Thread: some help with indeterminate forms and L'hoepitals rule

1. some help with indeterminate forms and L'hoepitals rule

i got an exam on this stuff tomorrow, and im not completely comfortable with it.. heres a few that i tried on my own that i know i did wrong

limit as x approaches 0 from the right... sin x ln x
this one i guess goes to 0*(negative infinity).. thats obviously an indeterminate form, so we play around with it.. if you put 1/sin x, or csc x, in the denominator, it appears that the limit is undefined? but im pretty sure that is incorrect... why is it incorrect, and how do you actually do it?

lim as x approaches infinity.... x tan(1/x)
this one i got so confused with, so just briefly walk me through it if you can

lim as x approaches infinity... [sq.rt.(x^2 +x) - x]
this one goes to infinity - infinity.. another indeterminate... i used the conjugate technique to get infinity over infinity, so i can use loepitals rule... but i kept getting infinity over infinity (i believe)... how is this one done?

i am in need of big help for these so anything you can give me is much appreciated!!!

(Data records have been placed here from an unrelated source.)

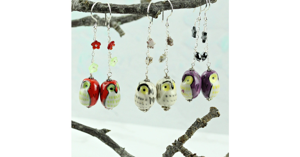 Colourful Owl Earrings. Long Bird Earrings. Nature Earring Gifts. Owl Jewellery for Her. Porcelain C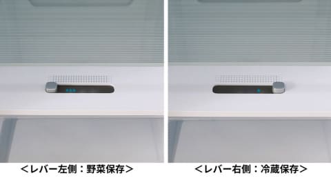 冷蔵室最下段には、保存する食材に応じて温度調節が可能な「マルチケース」を搭載。野菜や加工食品など、用途に合わせた使い分けができる。
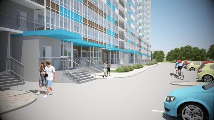 Закрытые от автомобилей внутренние дворы. Входы в подъезды домов выполнены на уровне отметки благоустройства.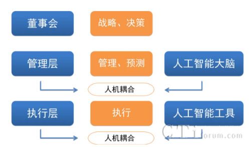 在引進人工智能之前,企業的治理金字塔架構是決策、管理與執行,管理層是公司的中間層,起著承上啟下的作用。向下傳遞決策者的戰略規劃,并細化可執行的目標,引導執行者完成關鍵的結果;向上提供決策信息,補充決策依據。
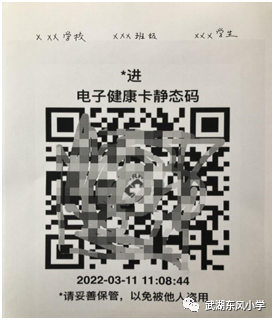 一.按照“申请、下载及打印电子健康卡静态码”的方法及流程,将电子健康卡静态码打印出来,建议打印三份,并标注学生相关信息,如:学校、班级、姓名。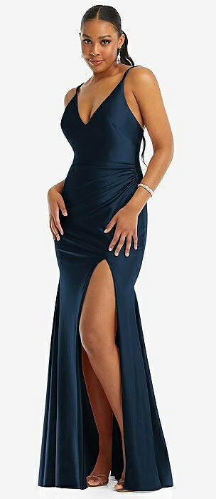 Deep V-Neck Stretch Satin Mermaid Dress with Slight Train in midnight navy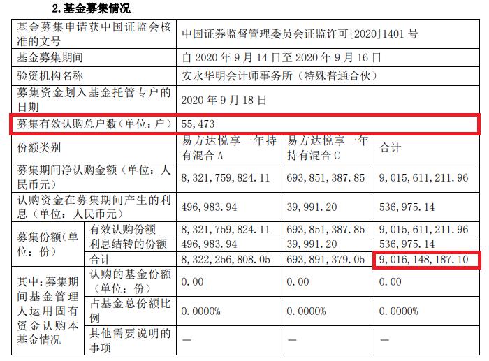9月14日由浦发银行主代销发行的易方达悦享一年持有混合基金,原定募集截止日为9月25日,而后因为发行火爆,仅发行了3天时间就提前结束募集,短短几个工作日内销售金额超过90亿元。

2. 1. look at sinx/{1/lnx} (0/0)

2. substitute t=1/x when x-->inf t-->0

3. ok so for the first one, i get sin x/ (1/ln x) .... which goes to 0/0... so after taking the derivatives, i get cos x/ x ...this goes to 1/0... is the limit undefined then? that is what i got initially when i brought csc x to the bottom, but as i said i thought undefined was wrong... any other advice or can you point out my mistake?